Cechy rasizmu to w dzisiejszej Polsce nosi np. nienawiść do tak zwanych moherów.
[którzy nawet żyjąc w najbogatszym (...) mieście w kraju dalej udają kogoś kim nie są]
Hm, bardzo lewicowe podejście.
Apeluję do wszystkich środowisk LGBTQI:
Głosujcie na lewicę!
Bo póki co, to lewica traci na Was czas, a Wy i tak uparcie głosujecie na liberałów!
och, jeszcze pojedźmy komuś, że jest z Warszawy. z pewnością jest bogatym kapitalistą, tylko, że niestety jest odwrotnie, o czym jest cała powyższa wypowiedź, a co już skrzętnie pominąłeś.
oczywiście. wszyscy geje to bogaci kapitaliści. a to, że SLD jest nadziane oficerami prowadzącymi "Hiacynta", że jedną z liderek partii jest Anita Błochowiak widząca "pedałów" chodzących w skarpetkach określonego gatunku, a "lewicowy" kandydat na prezydenta nie byłby zachwycony mając dziecko LGBT, to nic nie znaczy. to Was cholernie boli, że nadziani kasą bogacze są częstokroć mniej rasistowscy niż banda tęskniąca z PRL-em.
klapki na oczach, a pod klapkami mieszanka słowiańskiego rasizmu i polskiej nienawiści. gratulacje. nic tak nie definiuje uzasadniania własnego poglądu n.t. sprawiedliwościs połecznej, jak zawiść do kogoś, kto ma czegoś więcej, a już najlepiej pieniędzy.
a tak swoją drogą, to rzeczywiście mogę się tylko przyłączyć do powyższego apelu. bo z prawicą i mniejszościami seksualnymi, to tak jak z tym republikańskim kryptogejem, co przez 14 lat był w Senacie homofobem.
Gdzie ty człowieku widzisz "słowiański rasizm"??? W Polsce mamy raczej odwrotnie - w pewnych środowiskach co najmniej nietaktem jest samo użycie wyrazu "słowiański".
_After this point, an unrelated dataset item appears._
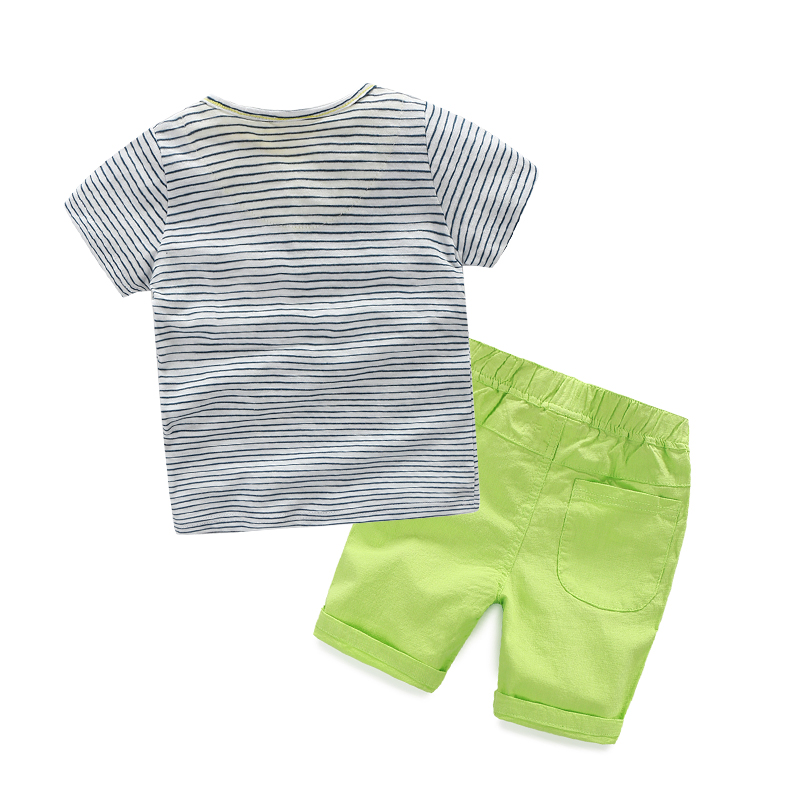 寶寶條紋短袖套裝男 夏裝新款男童童裝 兒童T恤短褲子tz-2852

ROMANISCH-GERMANISCH-SLAWISCHES EUROPA!
nie wiem skąd pomysł, że p. Biedroń szkodzi mniejszościom - sądzę, że jakby się nie nazywał i kim był, Pan z faktu działalności na rzecz praw LGBT twierdziłby to na ślepo
Homofobia to termin naukowy, jest doskonale opisana i znana - nic tylko google
Jest nas więcej niż 1% :)
Daszyński i jemu podobni nie musieli specjalnie się wypowiadać w swoich czasach w temacie praw mniejszości seksualnych, ponieważ nie istniał wtedy ruch działaczy praw LGBT, a samo społeczeństwo było znacznie bardziej homofobiczne, homoseksualizm uznany był za zaburzenie seksualne i był karany.
Kwak:
Z prawami przychodzą obowiązki, obarczenie obowiązkami o których Pan mówi, byłoby uznaniem praw wynikających z faktu istnienia związku
jurek_urban:
tego rodzaju myślenie, jest objawem mentalnego wykluczenia gejów i lesbijek na lewicy, no i to "tracenie czasu"... litości...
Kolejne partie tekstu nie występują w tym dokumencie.